Recruiter: wrong, it's file metadata.
Me: the inode is an index uniquely identifying a file on a given filesystem, and you can lookup this index to fetch file attributes like size, time, owner and permissions; you can even add your own attributes on some file systems.
Recruiter: wrong, not "attributes", it's "metadata".
I should disclose that I would have bombed out of the test at question 1. But note the tone of the recruiter, and how the recruiter is proceeding with the interview. This becomes extremely obvious by the time the recruiter gets to question 7.
7. what is the name of the KILL signal?
Me: SIGKILL which #define is set to 9.
Recruiter: no, it's "TERMINATE".
Me: SIGTERM (15) is different from the KILL signal (9).
Recruiter: that's not the answer I have on my sheet of paper.
I don't know about your experience, but the people that I have seen in a Director position (or even in a Senior Manager or Manager position) have to respond to changing circumstances, sometimes with insufficient data. In other words, the answers to things that a Director faces are not things that you have on a sheet of paper.
Yet the recruiter insisted upon only accepting the official answer in front of him/her.
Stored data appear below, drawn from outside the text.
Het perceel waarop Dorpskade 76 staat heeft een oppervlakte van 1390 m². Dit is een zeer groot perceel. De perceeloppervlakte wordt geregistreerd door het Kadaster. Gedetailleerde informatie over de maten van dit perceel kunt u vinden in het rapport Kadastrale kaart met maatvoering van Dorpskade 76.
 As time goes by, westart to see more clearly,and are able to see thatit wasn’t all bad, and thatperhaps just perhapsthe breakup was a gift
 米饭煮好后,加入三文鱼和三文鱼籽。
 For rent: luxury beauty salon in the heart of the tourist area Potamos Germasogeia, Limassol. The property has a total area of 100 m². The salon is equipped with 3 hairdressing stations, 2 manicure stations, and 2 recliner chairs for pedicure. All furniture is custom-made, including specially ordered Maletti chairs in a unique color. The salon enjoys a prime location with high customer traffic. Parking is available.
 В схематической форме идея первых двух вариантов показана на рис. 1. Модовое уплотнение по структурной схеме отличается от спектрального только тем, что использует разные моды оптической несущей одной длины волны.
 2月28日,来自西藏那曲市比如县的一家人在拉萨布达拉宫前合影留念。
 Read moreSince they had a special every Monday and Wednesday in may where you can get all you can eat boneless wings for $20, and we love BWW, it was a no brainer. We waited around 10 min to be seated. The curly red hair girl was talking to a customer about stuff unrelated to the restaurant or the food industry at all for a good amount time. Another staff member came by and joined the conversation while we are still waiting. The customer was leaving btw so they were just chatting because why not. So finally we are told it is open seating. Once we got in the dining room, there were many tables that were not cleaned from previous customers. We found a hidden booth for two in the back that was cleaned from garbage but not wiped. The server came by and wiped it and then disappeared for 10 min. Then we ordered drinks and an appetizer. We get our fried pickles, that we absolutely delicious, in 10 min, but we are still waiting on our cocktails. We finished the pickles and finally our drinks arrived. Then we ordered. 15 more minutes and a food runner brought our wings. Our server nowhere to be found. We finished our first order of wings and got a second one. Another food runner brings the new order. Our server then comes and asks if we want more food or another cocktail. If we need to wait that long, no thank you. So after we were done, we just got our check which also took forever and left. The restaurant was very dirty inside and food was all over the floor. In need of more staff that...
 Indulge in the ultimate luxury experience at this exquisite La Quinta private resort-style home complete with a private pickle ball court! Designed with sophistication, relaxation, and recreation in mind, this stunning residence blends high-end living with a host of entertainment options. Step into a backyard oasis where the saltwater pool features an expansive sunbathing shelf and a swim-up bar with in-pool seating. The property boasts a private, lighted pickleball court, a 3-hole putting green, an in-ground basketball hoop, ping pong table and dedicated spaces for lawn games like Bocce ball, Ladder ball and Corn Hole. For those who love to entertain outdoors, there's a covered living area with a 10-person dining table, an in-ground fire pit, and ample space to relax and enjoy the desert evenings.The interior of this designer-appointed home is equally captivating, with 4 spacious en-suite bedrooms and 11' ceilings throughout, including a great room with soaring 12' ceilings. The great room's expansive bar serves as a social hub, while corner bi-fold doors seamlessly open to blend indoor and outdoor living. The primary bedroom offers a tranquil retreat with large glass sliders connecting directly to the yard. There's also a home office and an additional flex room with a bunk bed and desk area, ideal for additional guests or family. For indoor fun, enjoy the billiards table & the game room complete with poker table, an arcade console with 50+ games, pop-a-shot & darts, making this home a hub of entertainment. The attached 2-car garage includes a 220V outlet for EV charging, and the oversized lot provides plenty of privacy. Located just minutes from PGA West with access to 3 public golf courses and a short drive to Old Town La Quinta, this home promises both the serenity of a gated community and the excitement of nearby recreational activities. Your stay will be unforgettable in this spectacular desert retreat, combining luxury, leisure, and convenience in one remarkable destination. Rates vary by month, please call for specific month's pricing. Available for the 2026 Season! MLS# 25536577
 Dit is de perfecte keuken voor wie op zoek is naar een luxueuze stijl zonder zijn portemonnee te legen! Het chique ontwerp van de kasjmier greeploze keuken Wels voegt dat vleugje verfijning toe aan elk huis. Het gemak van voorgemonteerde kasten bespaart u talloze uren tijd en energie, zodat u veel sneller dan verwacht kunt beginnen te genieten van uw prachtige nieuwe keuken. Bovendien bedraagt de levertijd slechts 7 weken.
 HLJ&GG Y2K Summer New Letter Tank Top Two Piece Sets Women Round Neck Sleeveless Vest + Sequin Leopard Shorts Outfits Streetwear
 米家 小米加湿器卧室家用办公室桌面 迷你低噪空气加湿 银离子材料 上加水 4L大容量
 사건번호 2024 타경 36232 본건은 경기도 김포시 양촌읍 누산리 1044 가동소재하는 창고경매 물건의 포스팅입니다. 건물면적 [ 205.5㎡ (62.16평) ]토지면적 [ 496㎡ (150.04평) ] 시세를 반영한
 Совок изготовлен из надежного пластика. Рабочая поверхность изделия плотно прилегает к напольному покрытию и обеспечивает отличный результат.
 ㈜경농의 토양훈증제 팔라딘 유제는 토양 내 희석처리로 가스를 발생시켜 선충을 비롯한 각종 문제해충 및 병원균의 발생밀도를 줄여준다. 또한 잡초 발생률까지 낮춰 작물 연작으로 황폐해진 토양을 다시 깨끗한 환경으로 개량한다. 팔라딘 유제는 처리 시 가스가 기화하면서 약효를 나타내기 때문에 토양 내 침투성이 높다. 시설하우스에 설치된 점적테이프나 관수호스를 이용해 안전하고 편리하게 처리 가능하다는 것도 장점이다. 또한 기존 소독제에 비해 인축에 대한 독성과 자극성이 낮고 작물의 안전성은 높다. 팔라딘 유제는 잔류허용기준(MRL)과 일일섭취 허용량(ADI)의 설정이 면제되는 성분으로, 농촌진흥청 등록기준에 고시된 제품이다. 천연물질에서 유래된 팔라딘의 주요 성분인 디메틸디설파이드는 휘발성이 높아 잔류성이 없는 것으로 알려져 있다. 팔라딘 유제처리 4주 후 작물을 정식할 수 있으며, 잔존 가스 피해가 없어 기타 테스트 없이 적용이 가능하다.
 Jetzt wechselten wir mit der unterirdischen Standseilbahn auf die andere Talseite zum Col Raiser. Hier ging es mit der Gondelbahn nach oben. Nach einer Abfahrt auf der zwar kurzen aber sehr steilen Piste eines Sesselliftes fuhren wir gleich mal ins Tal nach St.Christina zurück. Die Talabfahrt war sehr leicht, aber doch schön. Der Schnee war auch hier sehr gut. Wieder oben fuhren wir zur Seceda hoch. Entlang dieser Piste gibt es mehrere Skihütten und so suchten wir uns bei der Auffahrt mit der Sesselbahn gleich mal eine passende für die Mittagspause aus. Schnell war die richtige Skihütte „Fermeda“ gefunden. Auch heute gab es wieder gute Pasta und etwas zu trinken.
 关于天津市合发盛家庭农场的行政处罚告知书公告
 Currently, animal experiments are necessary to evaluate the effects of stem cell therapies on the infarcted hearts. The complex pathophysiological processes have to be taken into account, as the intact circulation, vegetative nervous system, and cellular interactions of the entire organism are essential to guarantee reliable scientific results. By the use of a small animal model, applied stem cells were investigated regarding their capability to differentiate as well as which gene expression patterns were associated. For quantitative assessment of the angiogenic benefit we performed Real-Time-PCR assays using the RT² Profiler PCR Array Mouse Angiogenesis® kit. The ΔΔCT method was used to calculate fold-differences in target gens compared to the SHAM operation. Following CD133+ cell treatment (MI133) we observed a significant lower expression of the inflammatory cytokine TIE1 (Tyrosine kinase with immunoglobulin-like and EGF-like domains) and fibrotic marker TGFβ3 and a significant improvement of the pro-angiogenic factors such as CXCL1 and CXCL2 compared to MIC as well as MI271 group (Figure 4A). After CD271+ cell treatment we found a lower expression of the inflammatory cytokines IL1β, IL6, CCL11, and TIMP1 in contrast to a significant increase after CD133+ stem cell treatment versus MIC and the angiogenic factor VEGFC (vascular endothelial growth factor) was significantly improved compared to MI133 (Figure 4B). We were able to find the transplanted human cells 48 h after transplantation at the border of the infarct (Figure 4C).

This continued until ten questions had been asked, with the applicant explaining his rationale for the answers he provided, and the recruiter continuing to insist on the "right" answer.
As far as the recruiter was concerned, the applicant was grossly unqualified to work at the recruiter's company because he didn't provide the right answers.
Google, according to applicant Pierre Gauthier.
It's important to note that this part of the process was a specialized test rather than a general interview. But this particular interviewer apparently wasn't looking for creative solutions. In fact, while we're only getting a second-hand account of the recruiter's responses, it's quite possible that the recruiter didn't know anything about coding at all, and was just looking for the magic words on the all-important sheet of paper.
After the fact, Gauthier commented that even Google itself disagreed with the "right answers" that the recruiter had on the sheet of paper. After noting that the recruiter insisted that Quicksort is the best sorting method, Gauthier noted, "The Linux kernel (that Google relies on) opted for Heapsort rather than Quicksort... for its lower memory usage and more predictable execution time."
But Gauthier saved his best dig for the end of his post. Not the text at the end of the post, but a footnote at the end of the post (before subsequent updates).
(**) Google pagerank: the ultra-secret mathematical formula demonstrating that sponsored search results rank higher than reality can.
P.S. Hopefully the recruiter doesn't work in the Blogger part of Google now. If he/she does, this may be my last post outside of tymshft.